C’est là un disque subtil, fin, érudit, comme on en voudrait davantage. Jugez plutôt : le titre Dom Quichotte évoque la cantate éponyme de Philippe Courbois, mais surtout une huile sur toile de Charles-Antoine Coypel déposée au Château de Compiègne, Don Quichotte au bal chez Don Antonio. Un petit ensemble instrumental y est représenté, d’où jaillit, dans une étonnante synthèse, tout ce que la sociabilité musicale du XVIIIe siècle peut avoir d’extravagante, de colorée, et de bouffe. Au premier abord, l’Espagne paraît bien loin ; qu’on s’en détrompe. Denis Grenier, co-auteur avec Thierry Favier, de la notice du disque, explicite avec raison ce que représente l’Espagne sous la Régence : « une société prompte au divertissement galant ».
Galanterie, caricature, pittoresque ; toutes ces pièces en sont comblées. Mais surtout théâtre, et même métathéâtre : il n’est rien qui ne joue avec le public, ses attentes, et sa culture commune. Mais cette distinction entre théâtre et métathéâtre est encore trop simple pour un siècle aussi subtil, car de même qu’il y a plusieurs théâtres, il y a plusieurs métathéâtres : un métathéâtre dans les murs, celui du « concerto comique » qui tire ses thèmes et sa structure des divertissements ou des comédies en musique dans lesquels il s’insère. Il s’agit là d’un métathéâtre publicitaire où sont repris, de manière purement symphonique, par insertion, sur le lieu même de la représentation théâtrale, les épisodes les plus réussis de la pièce. Et un métathéâtre hors les murs, que l’on connaît surtout dans son expression populaire, celle du théâtre de la Foire, du vaudeville, mais qui trouve un reflet moins connu dans les pièces de salon que sont les « cantates comiques », qui pastichent le théâtre dramatique. Imaginez donc dans quel vertigineux abyme on est mis lorsque, dans la cantate La Sonate, l’on trouve à la fois la caricature d’un maître de musique médiocrement doué, le centon parodique de tous les lieux communs pastoraux et tragiques, la dérision de la musique descriptive, et, comble du raffinement, la moquerie de l’alter ego de la cantate, de l’autre genre de musique de salon qu’est la sonate, lorsqu’elle veut trancher du dramatique.

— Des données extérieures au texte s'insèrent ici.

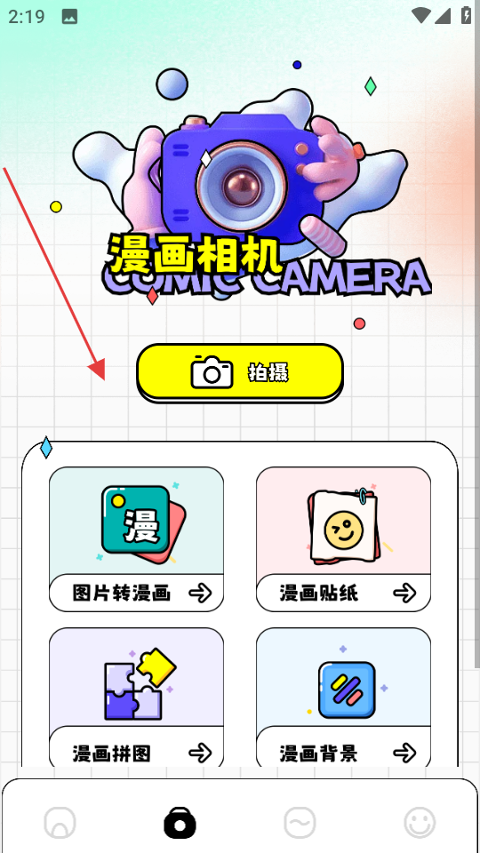 3、在漫畫相機頁面,有拍攝按鈕,還有圖片轉漫畫、漫畫貼紙等功能選項,點擊拍攝可以直接拍攝照片并將其轉化為漫畫風格,另外還有漫畫拼圖、漫畫背景等功能。

Le Café Zimmermann est assurément l’un des ensembles de musique ancienne les plus fins, justes et imaginatifs qui se puissent trouver aujourd’hui : l’on se souvient de leur interprétation légère et spirituelle des Concertos brandebourgeois. Leur ardeur n’a pas fléchi, tant s’en faut, et l’on est toujours aussi heureux de retrouver le clavecin allègre de Céline Frisch, le violon agile et gaillard de Pablo Valetti, et la flûte claire et précise de Diana Baroni auquel s’adjoint pour la circonstance le luth sûr et délicat d’Eric Bellocq. Dominique Visse donne ici carrière à tout son talent théâtral, que l’on sait immense lorsqu’on l’a entendu dans Janequin ou Sermisy, dans Purcell ou dans Offenbach. Son timbre de vielle à roue, inimitable, correspond à merveille à la voix bouffe que l’on attend dans ce répertoire, et, surprise, l’on surprend même Visse à barytonner dans le rôle du soldat de La Matrone d’Ephèse. Diction, énergie de la projection, justesse, et toujours élégance, même dans la farce : rarement de petites œuvres auront été traitées avec aussi grand soin.
L’on découvre donc Pierre de la Garde, Racot de Grandval, et Courbois dont aucune œuvre, à notre connaissance n’a jamais été enregistrée, et l’on découvre surtout les bouffonnes autant que délicates aïeules des opérettes d’Hervé et d’Offenbach. L’on retrouve Corrette avec grand plaisir dans des thèmes du Huron de Grétry, œuvre à côté de laquelle les récentes journées Grétry du CMBV sont malheureusement passées, et que l’on souhaite ardemment voir remonter bientôt. L’on voit surtout la féconde quoique trop rare alliance de la musique et de la musicologie autour d’un programme aussi inédit que fantasque.